27 people, 18 of them children, are reported dead in the shooting at Sandy Hook Elementary School, according to Newtown Patch. What will you say to your children?

Parents' hearts are in their throats across the country as news spreads of an elementary school shooting in Connecticut that reportedly took the lives of 20 children and seven adults.

Newtown Patch in Connecticut is posting live updates about the shooting, and will continue to follow the story this weekend.

But for those of us in Dearborn, Michigan, and the rest of the country, the incident will raise questions about how future such massacres can be prevented. It will also require parents everywhere to figure out how to discuss the violence with their children.
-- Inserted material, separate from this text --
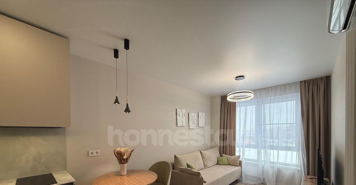 Сдаётся в аренду стильная однокомнатная квартира с дизайнерским ремонтом в новом монолитном доме 2024 года постройки. Общая площадь составляет 33 кв. м, из которых 10 кв. м занимает жилая зона и просторная кухня площадью 16 кв. м. Квартира расположена на 15 этаже 33-этажного дома, что позволяет наслаждаться прекрасным видом на улицу из окон.

Parenting.com offers advice for discussing tragic incidents with children. Among the suggestions:

  • Don't bring frightening issues up with children under 7, but be prepared to discuss them if your child asks.
  • Reassure your small children that they are safe. Even though you know you can't guarantee it, admitting ambiguity won't be helpful.
  • Ask questions to make sure you understand how your children are feeling, and assure them their feelings are OK.

The New York Times parenting blog offers a dialogue and a video about discussing violent and scary incidents with your kids.

Do you plan to discuss the shooting with your children? How will you go about it? Share your thoughts in the comments.

Lee Jacobsen December 17, 2012 at 04:29 PM
My child will soon be taking a Concealed Weapons Permit class to enable her to protect herself. Hopefully, she can upgrade it to a level where she can carry and protect others in churches, malls, restaurants, schools, all currently free shooting zones for folk with scrambled brains. If your brain is not working right, you ignore laws. A crazy person shoots people if the mood strikes them to do so. The crazy in CT shot himself when he knew offensive weapons were coming his way. If those teachers, principals, the ones who wanted to carry, were armed, they could have shot back through the closet doors and , who knows, the crazy would have stopped and shot himself on the spot, saving many lives. Return fire on the site is the only option that would have stopped this guy. In the end, fear made him take his own life, that fear should have occurred much sooner. A good example, incredible as it may seem, is Detroit. With slow police response, more folk are arming themselves. This puts fear into the robbers, who move to easy pickings like victims in Dearborn who are less likely to be armed, rather than rob fellow Detroiters, who are more likely to shoot back. Use some common sense. If you are a crazy, and want to kill folk with a gun, would you go into a police station to do it, or a gun free zone like a church, school, mall, theater, restaurant? The facts speak for themselves. Time to make all areas more like police stations, with trained folk to shoot back.